→ **Source information**
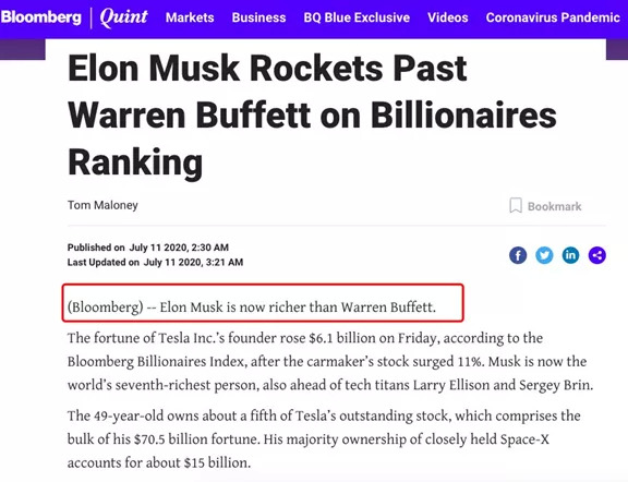 据Bloomberg quint数据,马斯克身家已经达到了705亿美元,不仅超越了巴菲特,还超越了中国首富马化腾、甲骨文创始人拉里·埃里森、谷歌创始人谢尔盖·布林。
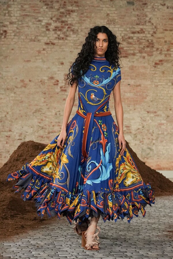 视觉元素加深了文化层次感。阿根廷公交车和商店橱窗上常见的华丽曲线装饰风格——Filete porteño 蜿蜒于飘逸的舞裙和外套之上,其繁复的装饰与 MOSCHINO 品牌一贯的奔放不羁竟出人意料地和谐共存。
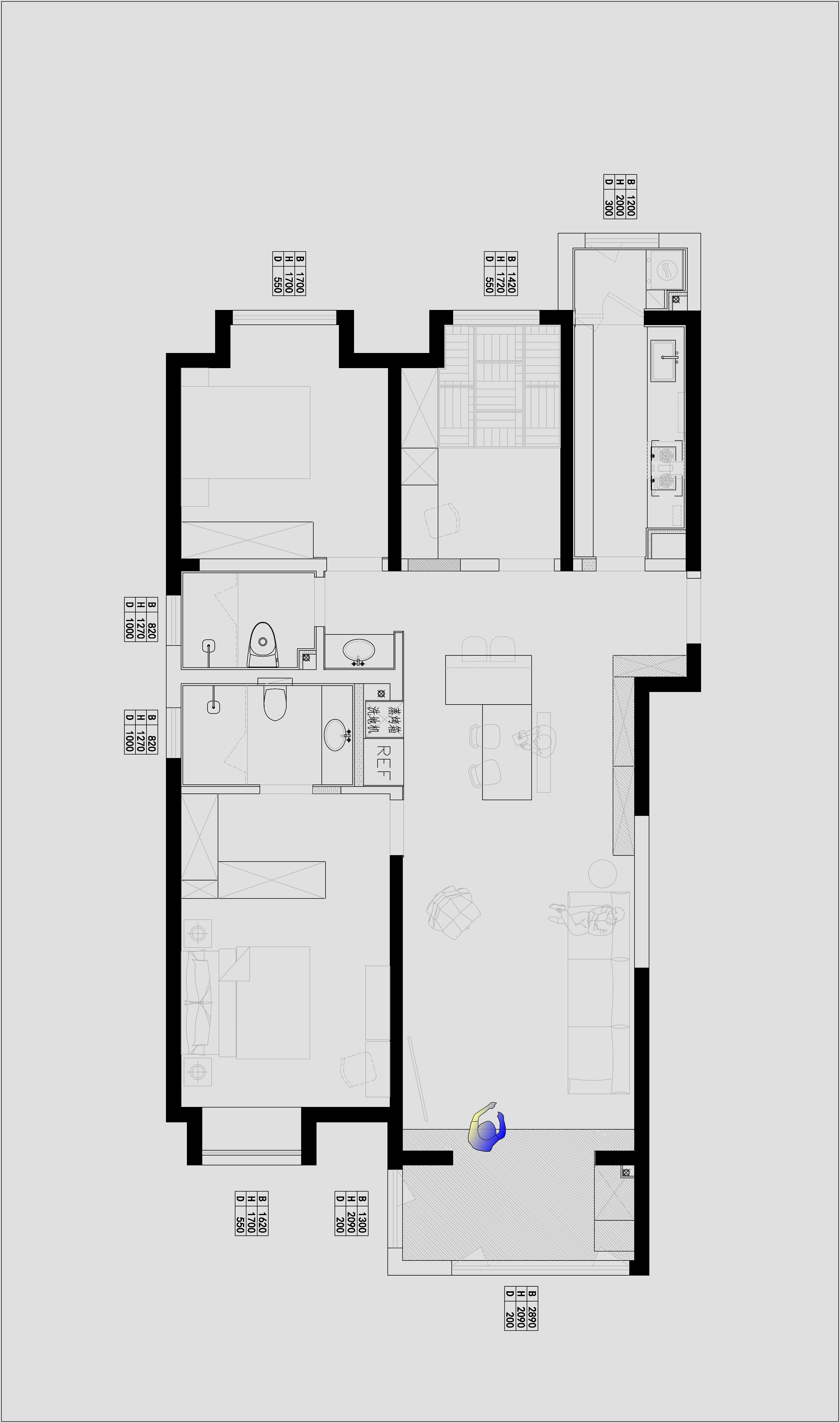 2. 客餐厅阳台空间比例失衡:宽度仅3.7米,长度却近12米,面宽比不足,易给人强烈的压抑感。
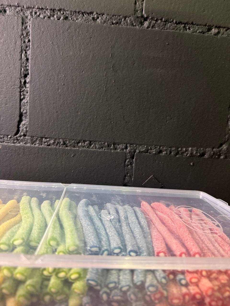 Zutaten: Zucker, Glukose-Fruktose-Sirup, Weizenmehl (Gluten), Säuerungsmittel (E296), Stärke, Pflanzenfett (Palm), Säuerungsmittel (E270, E330), Gelatine, Aromen, Säureregulatoren (E325, E331), Feuchthaltemittel (E422), Salz, Emulgator (E471), Farbstoffe: E102, E129, E133.
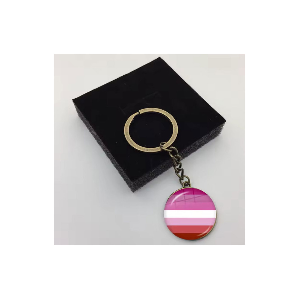 Porteclés pastille aux couleurs du drapeau lesbien.
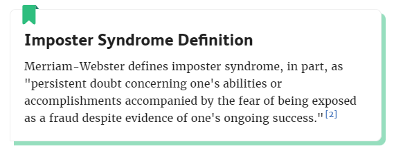 At it's core, imposter syndrome is an inability to recognise and assess your own competence. You attribute success to other external factors outside of your control, berating your own performance because you take no ownership in the things that you did.
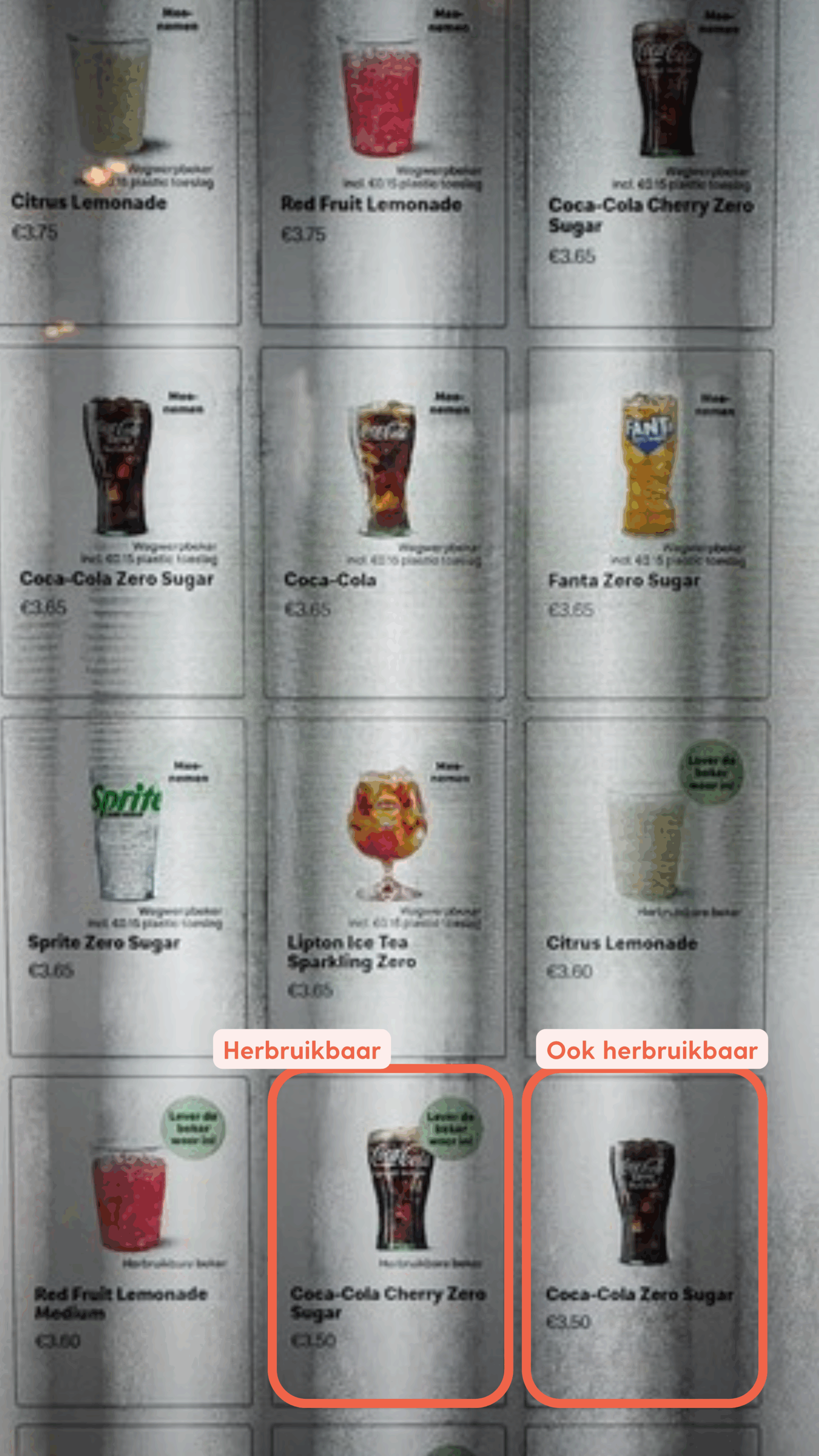 - Bij een deel van de herbruikbare bekers voor dine-in staat geen informatie in het bestelproces: het is dus niet duidelijk in wat voor beker je je bestelling krijgt (en wat je ermee moet doen). Bijvoorbeeld: bij Coca Cola Regular staat ‘herbruikbare beker’ en bij Coca Cola Zero staat geen informatie (terwijl dat ook in een herbruikbare beker wordt geschonken). Nb: Geldt niet voor alle gecheckte restaurants (foto 5);

→ **Instructions for the task**
If an entry contains a picture, skip the picture and reproduce everything else exactly.

→ **Task answer**
 据Bloomberg quint数据,马斯克身家已经达到了705亿美元,不仅超越了巴菲特,还超越了中国首富马化腾、甲骨文创始人拉里·埃里森、谷歌创始人谢尔盖·布林。
 视觉元素加深了文化层次感。阿根廷公交车和商店橱窗上常见的华丽曲线装饰风格——Filete porteño 蜿蜒于飘逸的舞裙和外套之上,其繁复的装饰与 MOSCHINO 品牌一贯的奔放不羁竟出人意料地和谐共存。
 2. 客餐厅阳台空间比例失衡:宽度仅3.7米,长度却近12米,面宽比不足,易给人强烈的压抑感。
 Zutaten: Zucker, Glukose-Fruktose-Sirup, Weizenmehl (Gluten), Säuerungsmittel (E296), Stärke, Pflanzenfett (Palm), Säuerungsmittel (E270, E330), Gelatine, Aromen, Säureregulatoren (E325, E331), Feuchthaltemittel (E422), Salz, Emulgator (E471), Farbstoffe: E102, E129, E133.
 Porteclés pastille aux couleurs du drapeau lesbien.
 At it's core, imposter syndrome is an inability to recognise and assess your own competence. You attribute success to other external factors outside of your control, berating your own performance because you take no ownership in the things that you did.
 - Bij een deel van de herbruikbare bekers voor dine-in staat geen informatie in het bestelproces: het is dus niet duidelijk in wat voor beker je je bestelling krijgt (en wat je ermee moet doen). Bijvoorbeeld: bij Coca Cola Regular staat ‘herbruikbare beker’ en bij Coca Cola Zero staat geen informatie (terwijl dat ook in een herbruikbare beker wordt geschonken). Nb: Geldt niet voor alle gecheckte restaurants (foto 5);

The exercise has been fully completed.